A relação de alguns escritores com a doença…

A relação de alguns escritores com a doença é algo difícil de explicar. Uma pessoa normal, sem o menor desconforto, encontra as desculpas que precisa para não escrever. Se padece de alguma enfermidade, não há nem o que dizer. Então vemos não um, nem dois, mas muitos escritores que não apenas persistiram na doença por meses, anos, por uma vida inteira, mas fizeram da própria doença fonte de motivação. Não é pouca coisa, e não é algo fácil de imaginar. Há doenças com as quais nunca se acostuma; mas parece que, justamente estas, encurralam e não deixam outra opção.

É estranho desconhecer inteiramente…

É estranho desconhecer inteiramente, cem por cento da produção literária contemporânea e notar que escritor nenhum de país nenhum jamais se comportou assim. Escrever, fazer da escrita o centro da existência, e jamais ter aberto um romance de autor vivo! Desconhecer nomes, títulos, tudo! E prosseguir como se tudo estivesse dentro da normalidade… Se isso faz ou não faz falta, é questão ociosa; mas decerto é atitude que reforça a sensação de isolamento total.

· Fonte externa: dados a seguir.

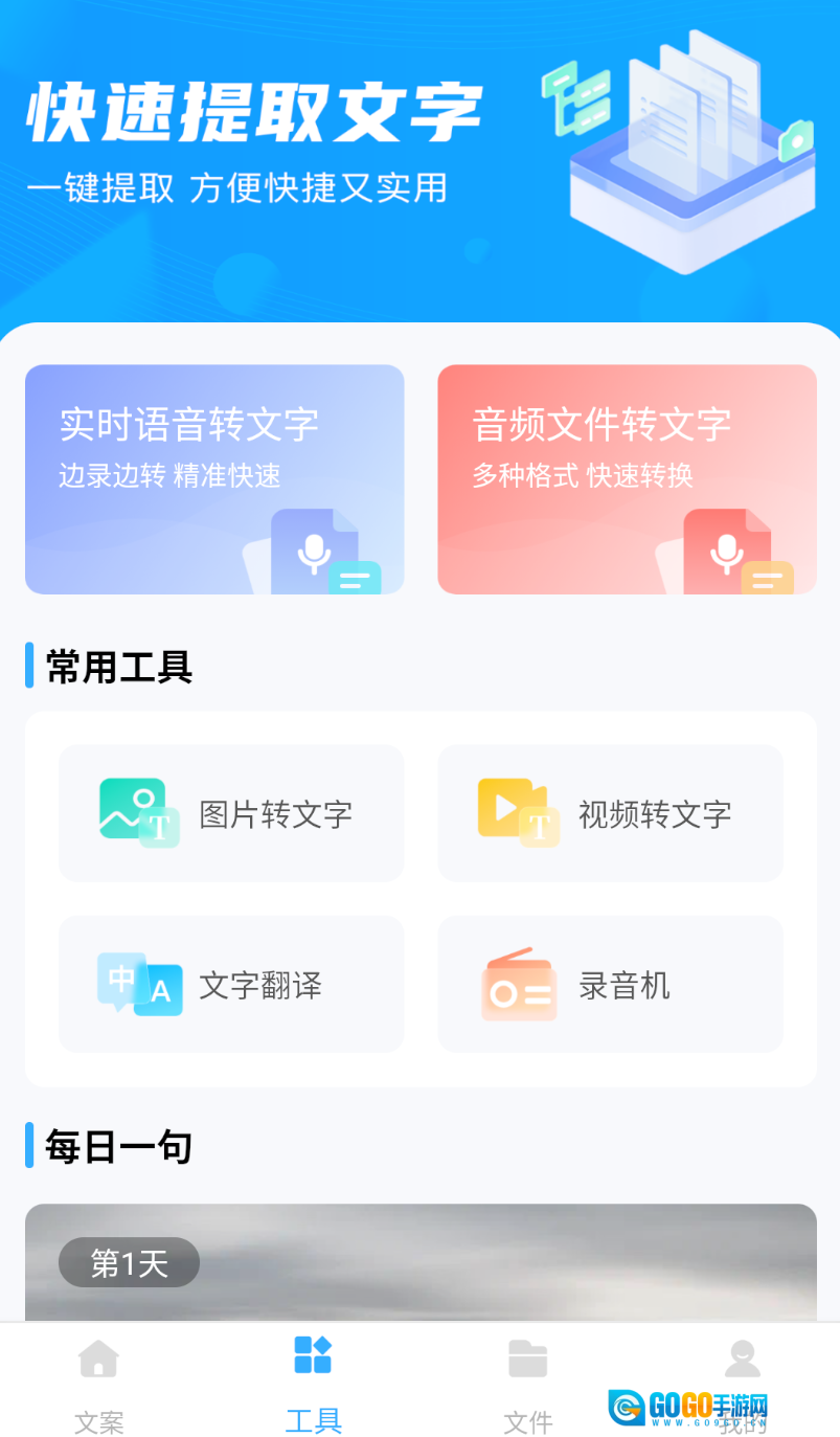1、安装获取:打开手机应用商店,搜索 “文案君” 并完成安装,点击图标进入软件主界面。

Entre todas as línguas do mundo…

Entre todas as línguas do mundo, parece a inglesa a mais enganosa, posto que é aprendida com uma facilidade que falsifica totalmente a sua real dimensão. O turista que aprendeu a pedir um café no aeroporto crê dominá-la; mas se, por acaso, arrisca-se a ler um romance de Dickens, ou um poema de Milton, de Byron, de Chaucer, percebe em poucas linhas não saber nada da língua que aprendeu. E o curioso é que, sintaticamente, o inglês é sempre o mesmo: a estrutura dos períodos nunca complica demasiado a sua compreensão. Mas o inglês literário é um calabouço no qual o estrangeiro entra sempre sem lanterna. As palavras, as expressões infinitas, obscuras e intraduzíveis, são como assombrações. É preciso muita coragem para percebê-lo e encará-la enquanto escritor.

Algum escritor, certa vez, deu a sensata recomendação…

Algum escritor, certa vez, deu a sensata recomendação: uma obra de cada vez. E, sem dúvida, concentrar o espírito em uma única produção só pode acelerá-la, intensificá-la, sendo assaz benéfico para a criação. Mas é possível ser fiel a esta regra? Fazendo prosa, talvez. Já com a poesia, a situação muda, e quando os versos planejados ultrapassam algumas centenas, a mente parece rogar por uma válvula de escape na qual possa despejar linhas e linhas e experimentar o alívio da fluidez. Sem esta válvula, em pouco a improdutividade, somada às ideias que se acumulam num depósito fechado, começam a torturar. Ao poeta, praticar a prosa parece psicologicamente essencial.